PROBLEM TO SOLVE:
Copy the listing as it is written, and leave each picture out.

COLLECTED DATA:
____________

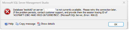 When I am not able to connect to the Azure SQL db, and I get this error message,
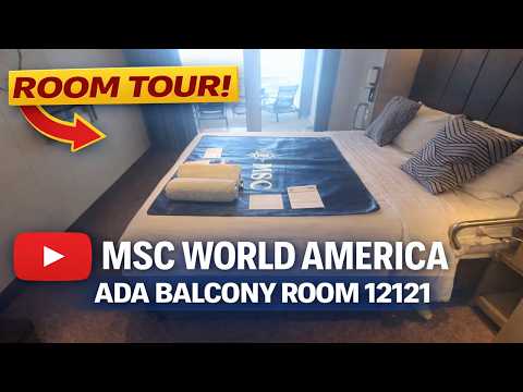 Take a full walkthrough of an ADA accessible balcony cabin on MSC World America, room 12121. This tour shows how the layout is designed for accessibility, with extra space, roll-in shower access, and thoughtful features throughout the cabin.
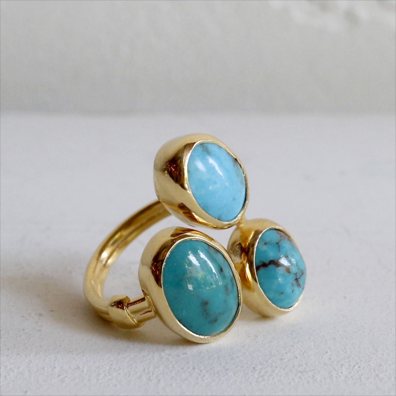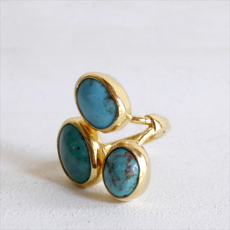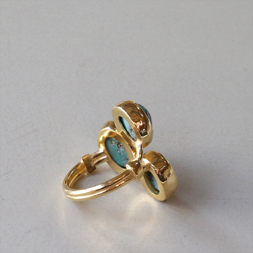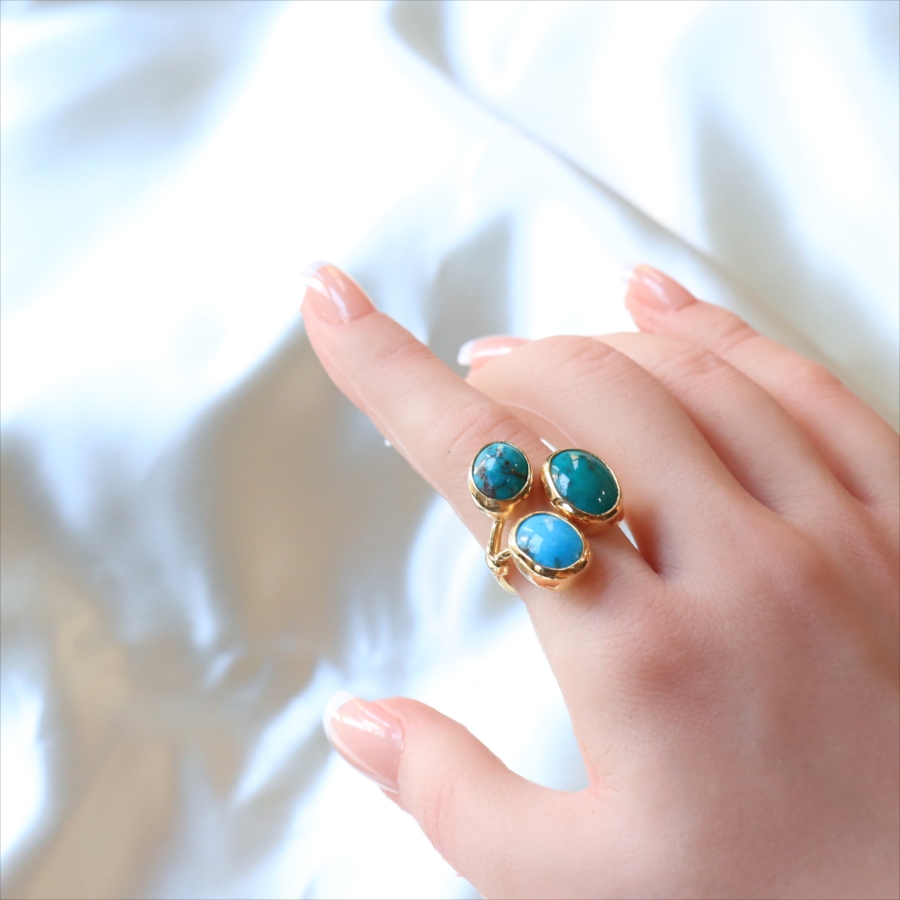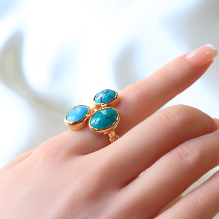 三つの色の違うマットなターコイズカラーを集めたユニークなデザインのリングです。それぞれの異なるターコイズの自然な色ムラや模様が色合いが、唯一無二の美しさを作ります。※大きいターコイズ1.5×1cm
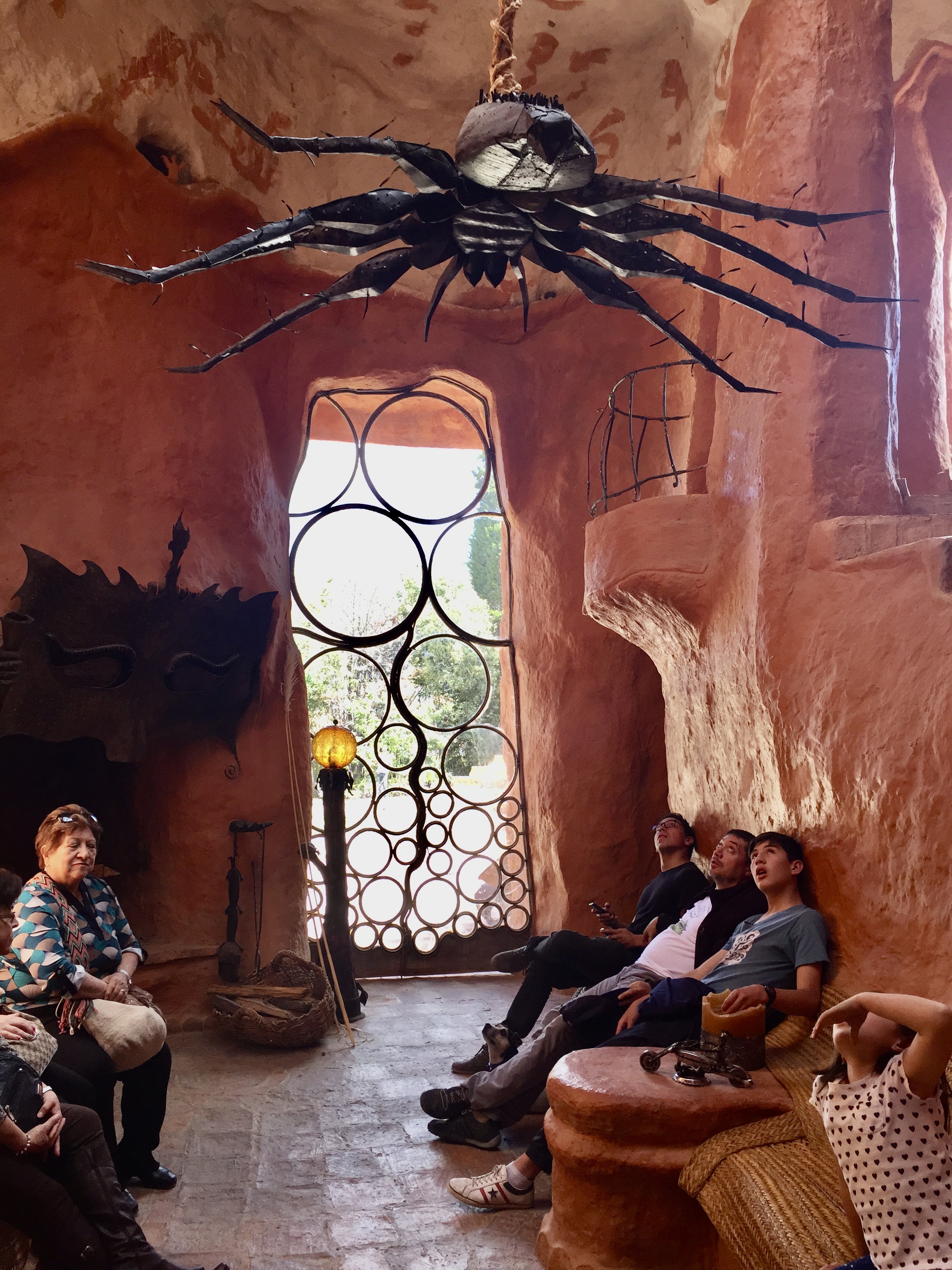 It took 14 years to build and is still sort of a work in progress.. There is no cement.. He’s also built and sculpted all the furniture which is also developed as huge bugs that become chairs or creatures that become lights..

____________

EXPECTED ANSWER:
 When I am not able to connect to the Azure SQL db, and I get this error message,
 Take a full walkthrough of an ADA accessible balcony cabin on MSC World America, room 12121. This tour shows how the layout is designed for accessibility, with extra space, roll-in shower access, and thoughtful features throughout the cabin.
 三つの色の違うマットなターコイズカラーを集めたユニークなデザインのリングです。それぞれの異なるターコイズの自然な色ムラや模様が色合いが、唯一無二の美しさを作ります。※大きいターコイズ1.5×1cm
 It took 14 years to build and is still sort of a work in progress.. There is no cement.. He’s also built and sculpted all the furniture which is also developed as huge bugs that become chairs or creatures that become lights..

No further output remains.